There is a parallel between physical and spiritual vision. “Turn Your Eyes Upon Jesus” was written in the early 20th century. The hymn writer, Helen Lemmel, was strongly influenced by the artist and later little-known missionary, Lilias Trotter. Miss Trotter started off as an aspiring artist but early on felt a call from God to reach the lost. She began her ministry by rescuing prostitutes from the streets of London. Later she went to Africa, without missionary funding, and served for over forty years. While there she penned a poem that would greatly influence the writing of the hymn “Turn Your Eyes Upon Jesus.”  The poem was entitled “Focused: A Story and Song.” 

The poem centers around focusing one’s attentions fully and completely upon God. She writes that Satan knows that if a person uses all their powers of concentration on being led by God’s Spirit, they will have a great intensity and impact upon those to whom they are called to minister. Lilias Trotter, writing in a more formal use of the English language than we are accustomed, shares some timeless insights which could very easily have been written today but with a different accent. She writes: “Never has it been so easy to live in half a dozen good harmless worlds at once—art, music, social science, games, motoring, the following of some profession, and so on. And between them we run the risk of drifting about, the ‘good’ hiding the ‘best’ even more effectually than it could be hidden downright frivolity with its smothered heartache at its own emptiness.”

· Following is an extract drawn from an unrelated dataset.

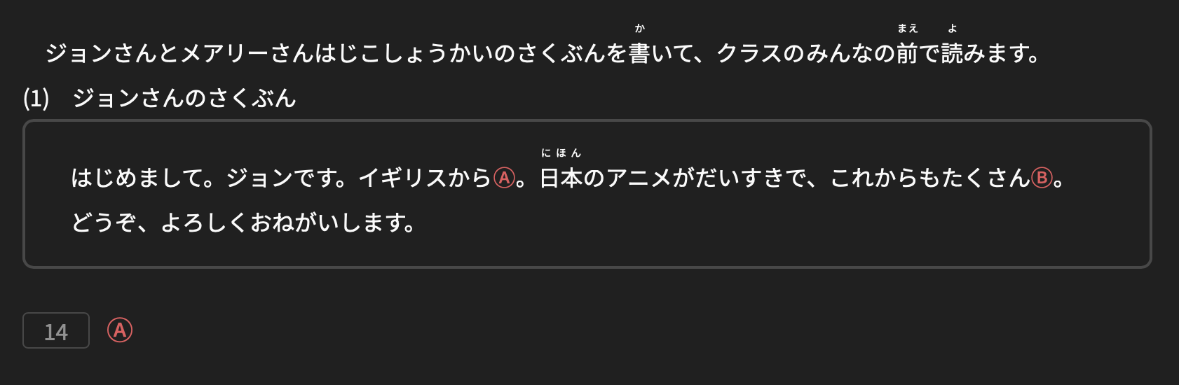 Hey! I just noticed that in the grammar & reading part of the first N5 practice test (i haven’t checked the rest), in the もんだい2 where you get an incomplete sentence with a star, you’re supposed to choose the word that would fit in the location of the star from the options given, but the exact location isn’t given in the question.

The “good” hiding the “best” leads us to emptiness.  Could this be true of us today especially as American Christians? Have we sought the “good” while missing the “best”? The chorus of the hymn, which we will be singing in worship this Sunday, says it best.

                Turn your eyes upon Jesus, Look full in His wonderful face,                                                                                                                                        And the things of earth will grow strangely dim in the light of His glory and grace.